Excessive drinking will damage body organs and cause diseases, and the damage to islets is one of them. After the islet is damaged, it will affect the release of pancreatic enzyme and insulin, and then affect glucose metabolism, leading to disorder of glucose metabolism, fat aggregation, and finally form diabetes.

In the study, it is recommended to drink less than 30 grams per day. In fact, the average male liver can bear 40 grams of alcohol every day, and the female liver is even less, about 20 grams. 40 grams of alcohol is equivalent to 140 ml of 35-degree liquor and 1000 ml of beer.

So don't drink too much, it will hurt your health!

2. How to prevent diabetes?

1. Take hot baths frequently to prevent diabetes.

A study by Loughborough University in the United Kingdom found that passive body temperature rise caused by hot water bath can improve blood sugar more than body temperature rise and sweating caused by exercise and fitness. The comparative test results show that cycling consumes more calories than taking a hot bath, but taking a hot bath 1 hour consumes more calories than walking for half an hour, about 140 calories; Compared with the exercise group, the average blood sugar level of participants who took a hot bath decreased by 10%. Taking a hot bath will also have an anti-inflammatory effect similar to exercise and fitness in the body.

2. Drink two spoonfuls of vinegar before eating meat

A study by Arizona State University found that drinking two spoonfuls of vinegar before eating high-calorie foods such as big fish and big meat can greatly reduce blood sugar levels. If you are not used to drinking vinegar, you'd better eat some cold vinegar before meals.

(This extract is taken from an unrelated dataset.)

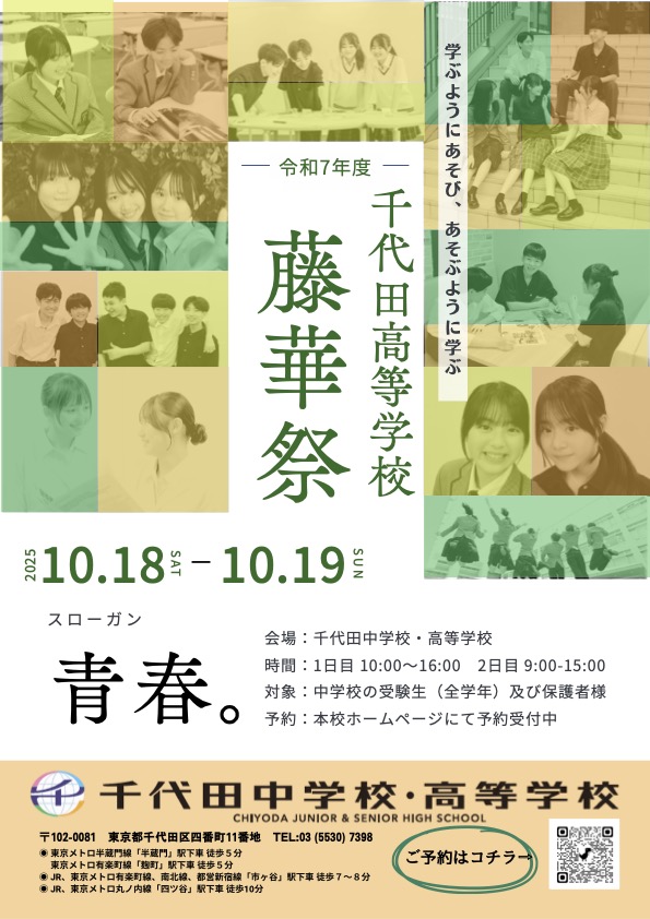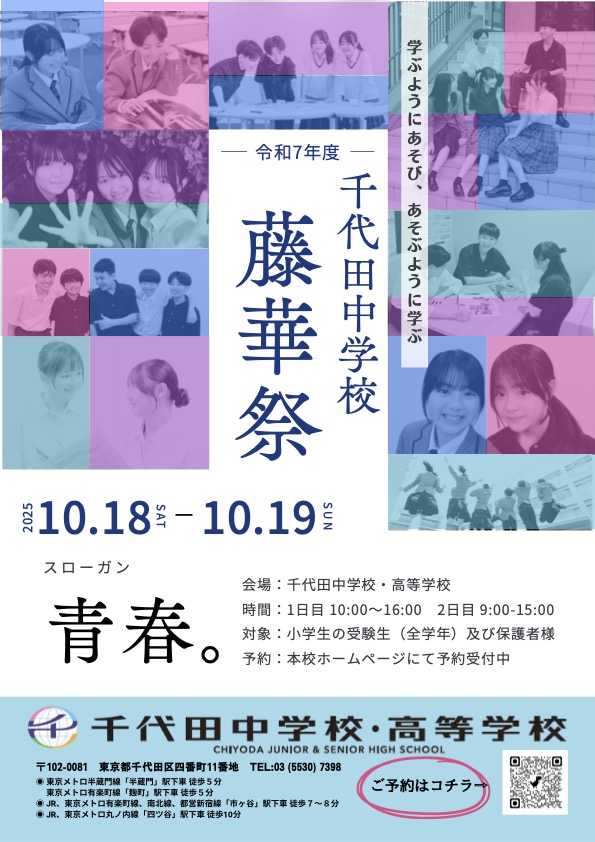 「藤華祭」の来場予約がはじまりました。千代田中学校・高等学校として記念すべき、初めての藤華祭となります。ぜひご来場ください。生徒 教職員一同、楽しみにお待ちしております。

3. Take a walk for 35 minutes every day

Finnish research found that walking can make full use of insulin in the body. Walking for 4 hours a week and 35 minutes a day can reduce the risk of diabetes by 80%.

4. Drink more coffee

A study by Harvard School of Public Health found that 6 cups of coffee a day can reduce the risk of diabetes by 29%-54%. 4-5 cups a day, reducing by about 29%; But 1-3 cups a day hardly works.

Get enough sleep

Lack of sleep will raise blood sugar and increase appetite for high-carbohydrate foods. This will lead to weight gain and increase the risk of complications such as heart disease and kidney disease. Therefore, ensure 7-8 hours of sleep every night. If you suffer from insomnia, early treatment will improve your sleep quality and lower your blood sugar level.

control pressure

When you have diabetes, nervousness and anxiety can lead to high blood sugar. Eliminate physical or mental stress as much as possible. Learn some interpersonal skills. If you have type 2 diabetes, some relaxation exercises, such as breathing exercises, yoga and drugs, are especially effective.

In fact, the above six indicators can be done well if you pay attention to them at ordinary times, and besides preventing diabetes, these six indicators can also prevent other diseases, especially those who can't control their mouths at ordinary times. People who especially like to eat must pay attention to the amount they eat. Although what they like to eat is to eat more, which is very bad for their health. Pay attention to exercise in peacetime.